NAPOCOR v. NATIONAL MERCHANDISING Corp.


G.R. Nos. L-33819 and L-33897; October 23, 1982
Ponente: J. Aquino

FACTS:
Plaintiff-appellant National Power Corporation (NPC) and defendant- appellant National
Merchandising Corporation (NAMERCO), the Philippine representative of New York-based
International Commodities Corporation, executed a contract of sale of sulfur with a
stipulation for liquidated damages in case of breach.

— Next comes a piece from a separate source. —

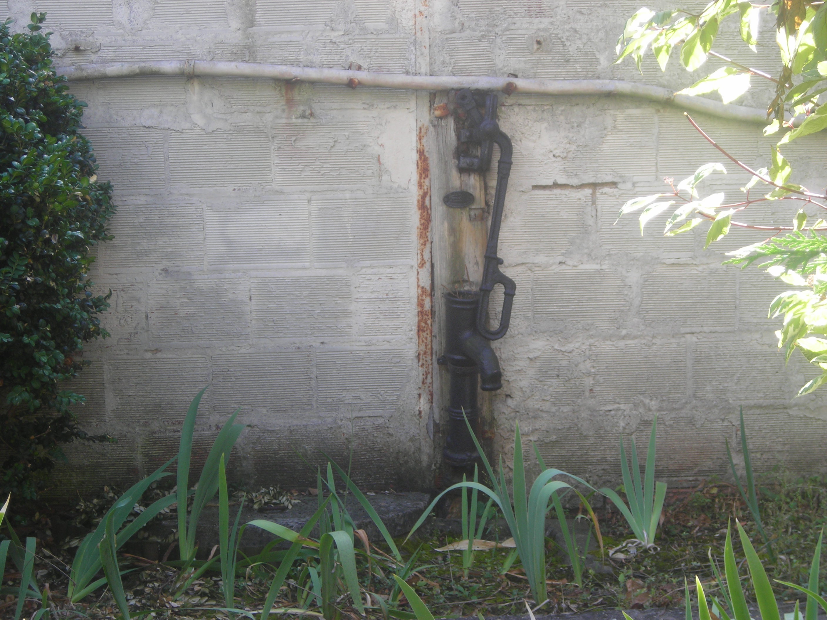 Cette photographie représente l’ancienne pompe à eau qu’utilisaient les habitants de Bois-Colombes lorsque l’eau courante n’existait pas. Elle est située dans le jardin d’un immeuble privé, au 17, rue André Chénier. Son matériau est en fonte. Aujourd’hui elle est hors d’usage parce qu’elle n’est plus entretenue. De nos jours, tous les immeubles de Bois-Colombes possèdent des canalisations qui permettent d’avoir l’eau courante. Elle est restée en place parce que c’est un témoin historique d’un passé pas si lointain (fin du XIXe siècle).

Defendant-appellant Domestic Insurance Company executed a performance bond in favor


of NPC to guarantee the seller's obligation. In entering into the contract, Namerco,
however, did not disclose to NPC that Namerco's principal, in a cabled instruction, stated
that the sale was subject to availability of a steamer, and contrary to its principal's
instruction, Namerco agreed that non-availability of a steamer was not a justification for
non-payment of liquidated damages.

The New York supplier was not able to deliver the sulfur due to its inability to secure
shipping space. Consequently, the Government Corporate Counsel rescinded the contract
of sale due to the supplier's non-performance of its obligations, and demanded payment
of liquidated damages from both Namerco and the surety. Thereafter, NPC sued for
recovery of the stipulated liquidated damages. After trial, the Court of First Instance
rendered judgment ordering defendants-appellants to pay solidarity to the NPC reduced
liquidated damages with interest.

ISSUE:
Whether NaMerCo exceeded their authority

HELD:
Yes, NaMerCo exceeded their authority.

The Supreme Court held that before the contract of sale was signed Namerco was
already aware that its principal was having difficulties in booking shipping space.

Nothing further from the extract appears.